# To all the amateurs out there



## Tclem (Jan 1, 2016)

inthought I would post a picture of a certified class A one if a kind work of doo doo. Lol. 
Anyway I did make a mess up and hit the choil while sanding handle. I sanded up to 800 on belt and Tried to hand sand blade but it seemed to mess it up more so I just went back to belt and then used a felt belt with compound. Anyway I finally have my sharpening down. This dude is sharp as all get out. Now to get them to look good along with cutting good. 
@NYWoodturner treated this 1095 steel for me. I have successfully treated a couple blades this week so maybe scottnisnoff the hook now lol. 
Cottonwood burl handles from @manbuckwal 
Ok hit me with it. I know some of my mistakes or actually not mistakes but still working on getting better.

Reactions: Like 9 | EyeCandy! 2 | Way Cool 5 | +Karma 1


----------



## ironman123 (Jan 1, 2016)

Brag Tony, brag. You deserve to. You have worked so hard at your knife making skills.

Reactions: Agree 2


----------



## Tclem (Jan 1, 2016)

ironman123 said:


> Brag Tony, brag. You deserve to. You have worked so hard at your knife making skills.

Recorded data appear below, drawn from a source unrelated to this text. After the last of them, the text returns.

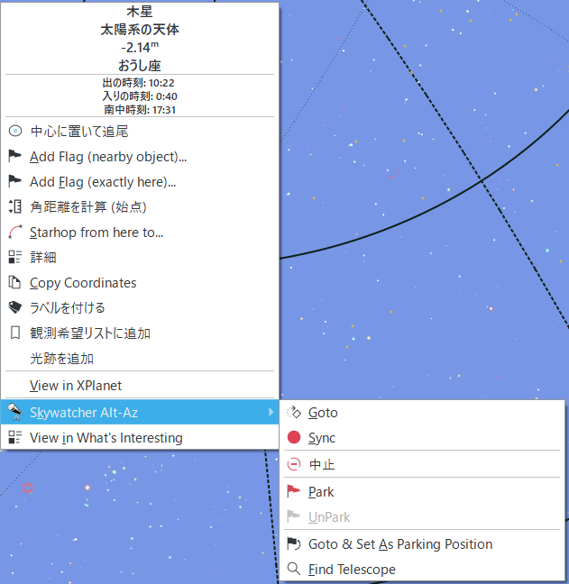 KStars で、その目標の天体の上で右クリックして [Mount名]→[Sync]をクリックすると sync point が作られて望遠鏡架台と INDIサーバーのマウントドライバの座標の同期が行われる(one star alignment)。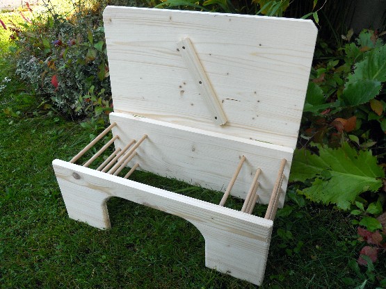 Das Heu kann bei geöffentem Deckel von oben in die Raufen gefüllt werden.
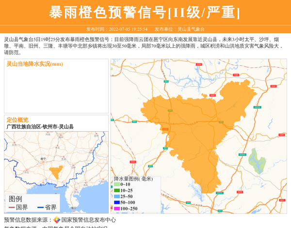 灵山县气象台发布暴雨橙色预警信号[II级/严重]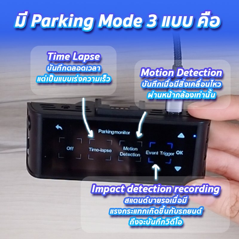 สำหรับ Parking Mode หรือ โหมดบันทึกตอนจอดของกล้องติดรถยนต์ Blueskysea B4K นั้นสามารถรองรับได้ 3 แบบ คือ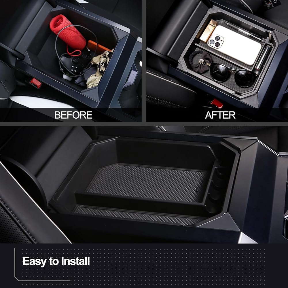 【سهل التركيب】منظم وحدة التحكم المركزية الخاص بنا لسيارة Tesla Cybertruck 2024 هو قالب 1:1 للسيارة الأصلية، ويتميز بتصميم خالٍ من الكبس للتركيب بدون مجهود. ببساطة ضعه في المنطقة المخصصة، وسيكون جاهزًا للاستخدام دون أي أدوات. وفي غضون ثوانٍ، يتم تركيبه بسلاسة في السيارة، مما يوفر الوقت والجهد والمخاوف.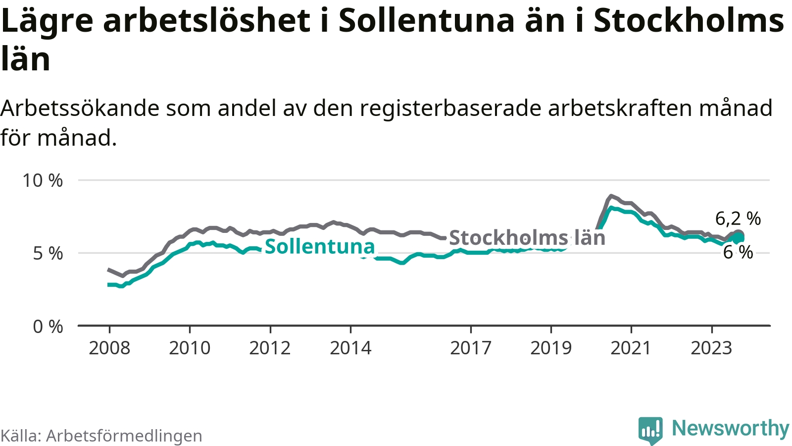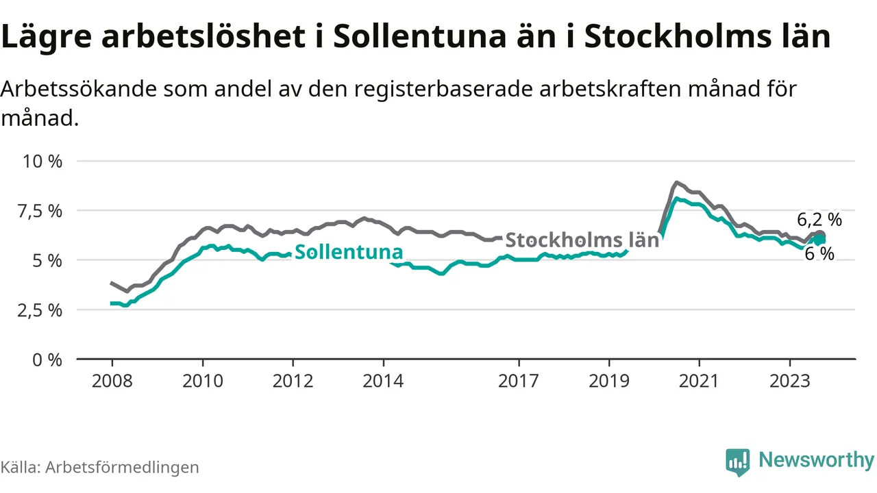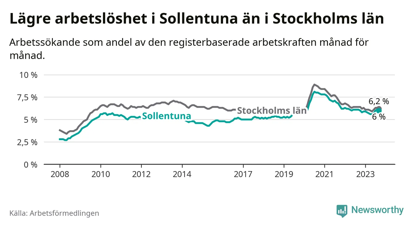| Sollentuna | 6,0 % | −0,1 % ▼ |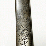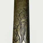 Finely engraved with Katakiri work , Shoki is looking up into a tree where a rather annoyed oni is trying to hide.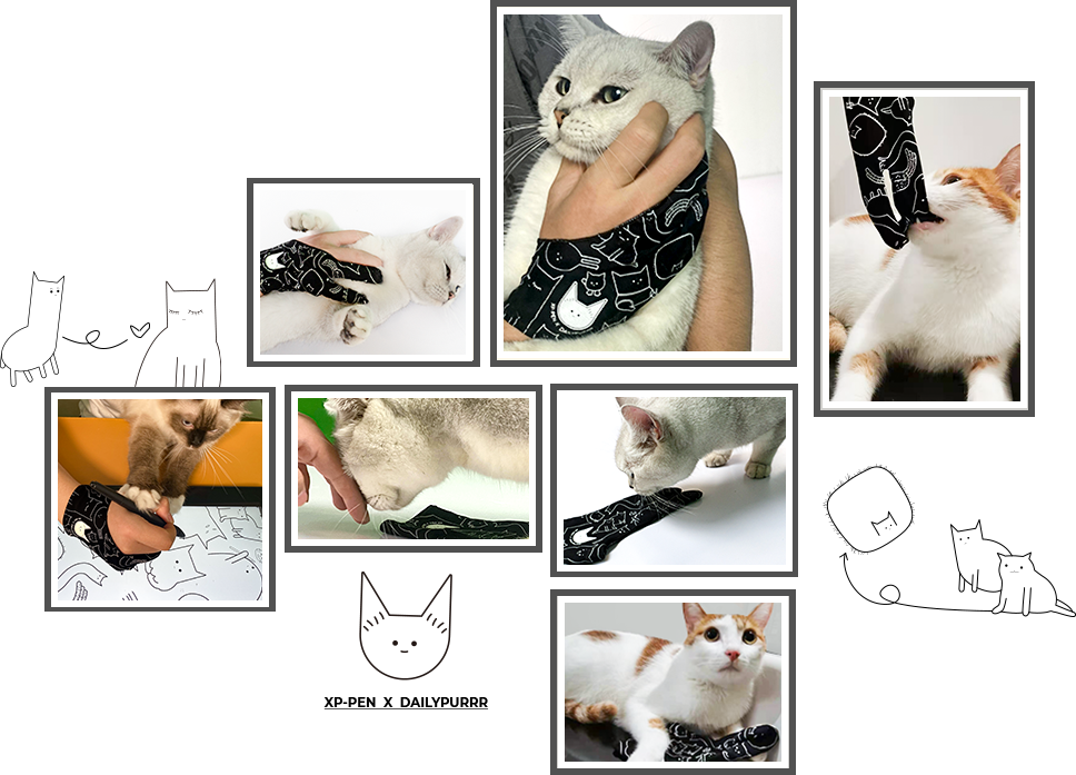 이제 XPPen은 @dailypurrr과 협력하여 그의 미니멀리스트 고양이 그림을 우리 드로잉장갑에 넣습니다.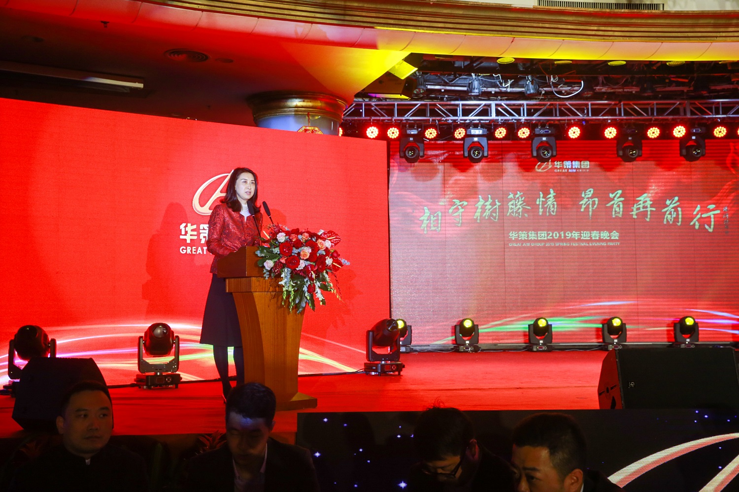 晚上18點30分,迎春晚會正式開始。首先,華策集團董事局常務副主席楊智雄上臺致新春賀詞。

Lol yeah but I'm still at level 1. Lol. Long ways to go


----------



## Sidecar (Jan 1, 2016)

Here's to the extra s's. Super Sharp Stuff !.......

Reactions: Like 1


----------



## manbuckwal (Jan 1, 2016)

Looks great bud ! That Cottonwood looks nice on there

Reactions: Thank You! 1


----------



## Tclem (Jan 1, 2016)

manbuckwal said:


> Looks great bud ! That Cottonwood looks nice on there


Yeah I should have saved it till I'm better but nooooo I had to use it now

Reactions: Funny 1


----------



## NYWoodturner (Jan 1, 2016)

Very respectable Tony. Seriously. 
I get the disdain about hand sanding. I'd rather eat glass than hand sand for 3 hours. 
If there were two nits that I would call out they would be with the scales. It may just be the pictures but in the second photo (Spine side) it looks line the scales are proud of the steel towards the bottom. Then in the third photo it looks like they may not have been completely flat. About 3/4 down you can see what appear to be gaps between the scales and the steel. Using a slower set epoxy to glue your scales gives you time to find and react to issues like that. If you use a 5 minute epoxy and open 4 diddling with the pics to get them right you may not have time to correct this with clamps. 
You should feel pretty proud of that one

Reactions: Thank You! 1


----------



## Tclem (Jan 1, 2016)

NYWoodturner said:


> Very respectable Tony. Seriously.
> I get the disdain about hand sanding. I'd rather eat glass than hand sand for 3 hours.
> If there were two nits that I would call out they would be with the scales. It may just be the pictures but in the second photo (Spine side) it looks line the scales are proud of the steel towards the bottom. Then in the third photo it looks like they may not have been completely flat. About 3/4 down you can see what appear to be gaps between the scales and the steel. Using a slower set epoxy to glue your scales gives you time to find and react to issues like that. If you use a 5 minute epoxy and open 4 diddling with the pics to get them right you may not have time to correct this with clamps.
> You should feel pretty proud of that one


Thanks. I use some epoxy I got from one of the vendors at knife show in Atlanta last year. Looking at knife now. Yes those are 2 places off the steel. Almost looks like steel wasn't completely sanded and pushing out but good point. Lol


----------



## ripjack13 (Jan 1, 2016)

Looks good Tony. Would using the paper spacers on each side eliminate that space?
Are you going to try your hand at a back design?


----------



## Tclem (Jan 1, 2016)

ripjack13 said:


> Looks good Tony. Would using the paper spacers on each side eliminate that space?
> Are you going to try your hand at a back design?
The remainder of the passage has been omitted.